WHAT YOU SHOULD DO
Give back the whole listing verbatim, printing none of its pictures.

SUPPLIED DATA
_ _ _ _

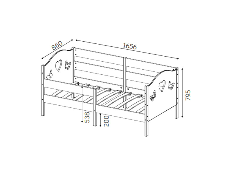 Кроватка-софа Сердечки-Бабочки 800х1600 мм
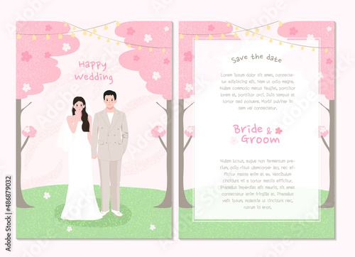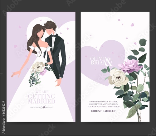 Шаблон дизайна целевой страницы с заголовком "День свадьбы" для свадебного онлайн-сервиса. Счастливые молодожены в элегантных традиционных платьях и костюмах, стоящие под аркой бракосочетания. Организация церемонии для пар
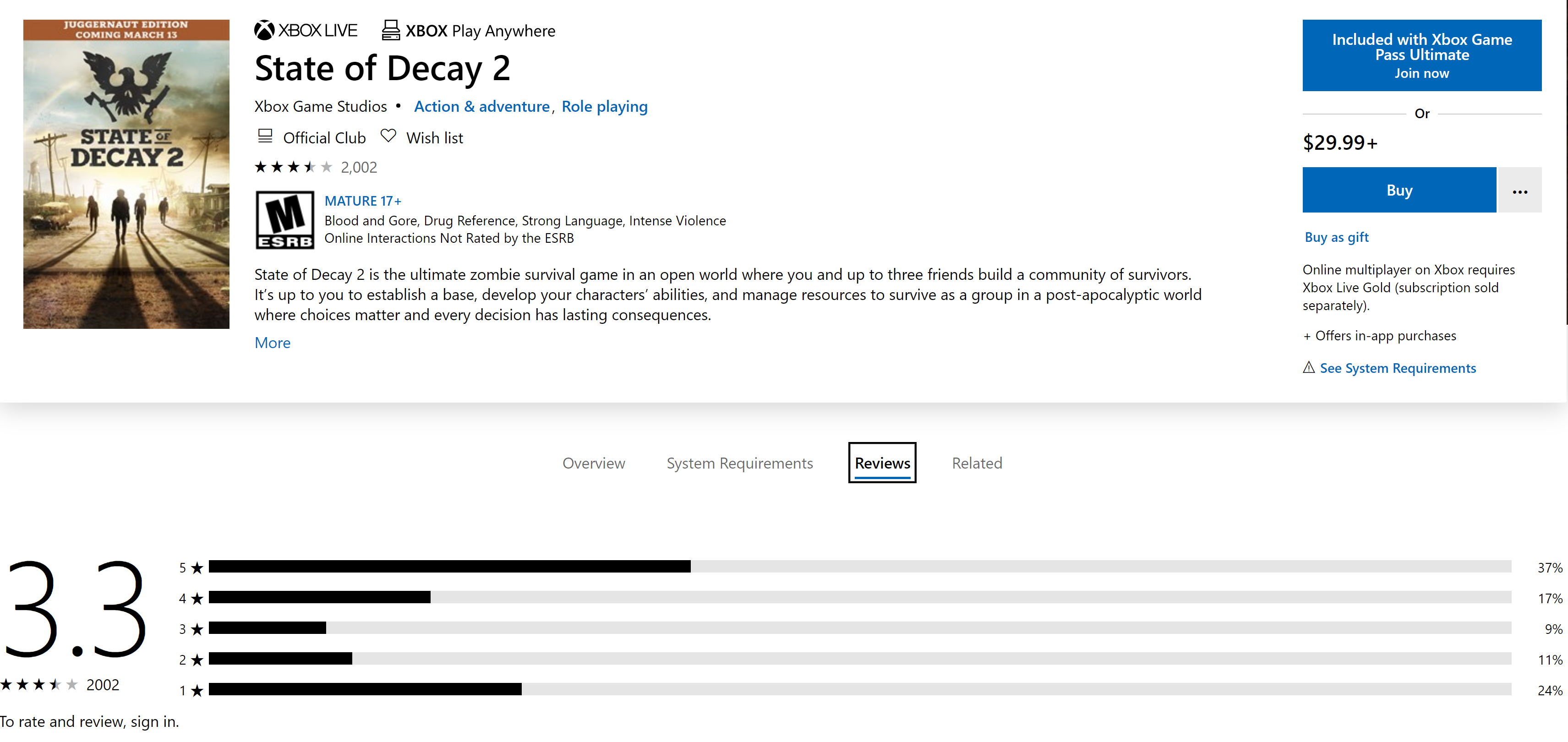 State of Decay 2 had been poorly rated by critics and US Gamers(Metascores [One // PC]): 66 // 69 – US Gamers rating: 3.3/5 so 66/100

_ _ _ _

ANSWER BELOW
 Кроватка-софа Сердечки-Бабочки 800х1600 мм
 Шаблон дизайна целевой страницы с заголовком "День свадьбы" для свадебного онлайн-сервиса. Счастливые молодожены в элегантных традиционных платьях и костюмах, стоящие под аркой бракосочетания. Организация церемонии для пар
 State of Decay 2 had been poorly rated by critics and US Gamers(Metascores [One // PC]): 66 // 69 – US Gamers rating: 3.3/5 so 66/100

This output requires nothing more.